A stone is thrown from the ground with speed $v$ at an angle $θ$ to the horizontal. There is no friction and the ground is flat. Find the total distance it travels before hitting the ground. Show that the distance is greatest when $\sin θ \cdot\ln (\sec θ + \tan θ) = 1$.

My work:

We can describe the motion with the following vector:

$$\vec r(t)=\langle v\cos\theta \cdot t,v\sin\theta \cdot t-gt^2/2\rangle$$

We know the vector hits the ground when the $y$ component is equal to $0$. Solving for $t_0$, we get that the ball reaches the ground again at $t_0=\frac{2v\sin\theta}{g}$.

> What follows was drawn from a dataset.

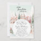 Eine charmante Babydusche mit Minze und rosa Aquarell Mairytale Winterszene mit gemütlichen Zuhause, Weihnachtsbäumen und Schnee in Erwartung einer kleinen Schneeflocke! Sie können diese Einladung mit Ihren eigenen Daten personalisieren.
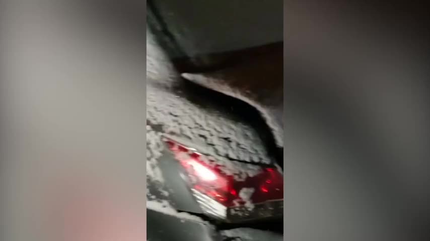 网传视频显示,被白雪覆盖的高速公路道路上发生了多起交通事故,其中一段视频中,多辆汽车撞在一起受损严重。(via 极目视频)

Let's set up an integral for the arc length $s$:

$$s=\int_0^{t_0}\sqrt{\left(\frac{dx}{dt}\right)^2+\left(\frac{dy}{dt}\right)^2}dt$$

Some quick differentiation and we can replace $\frac{dx}{dt}$ and $\frac{dy}{dt}$ with the following identities:

$$s=\int_0^{t_0}\sqrt{(-v\sin\theta)^2+(v\cos\theta-gt)^2}dt$$

Since we are trying to optimize $\theta$, if we take the derivative of the arc length, set it equal to $0$, and find the maximum, then we can solve for optimal $\theta$. We'll also replace $t_0$ with its identity in terms of $\theta$.

$$\frac{ds}{d\theta}=\frac{d}{d\theta}\int_0^{\frac{2v\sin\theta}{g}}\sqrt{v^2-2v\cos\theta\cdot gt+g^2t^2}dt$$

$$\frac{ds}{d\theta}=\frac{2v\cos\theta}{g}\sqrt{v^2-2v\cos\theta\cdot gt+g^2t^2}$$

Here I am unsure how to relate $t$ to $v$ and $\theta$. Do I use the identity for $t_0$, a kinematics equation, or simply treat $t$ as a constant? This, of course, assumes my work thus far has been valid.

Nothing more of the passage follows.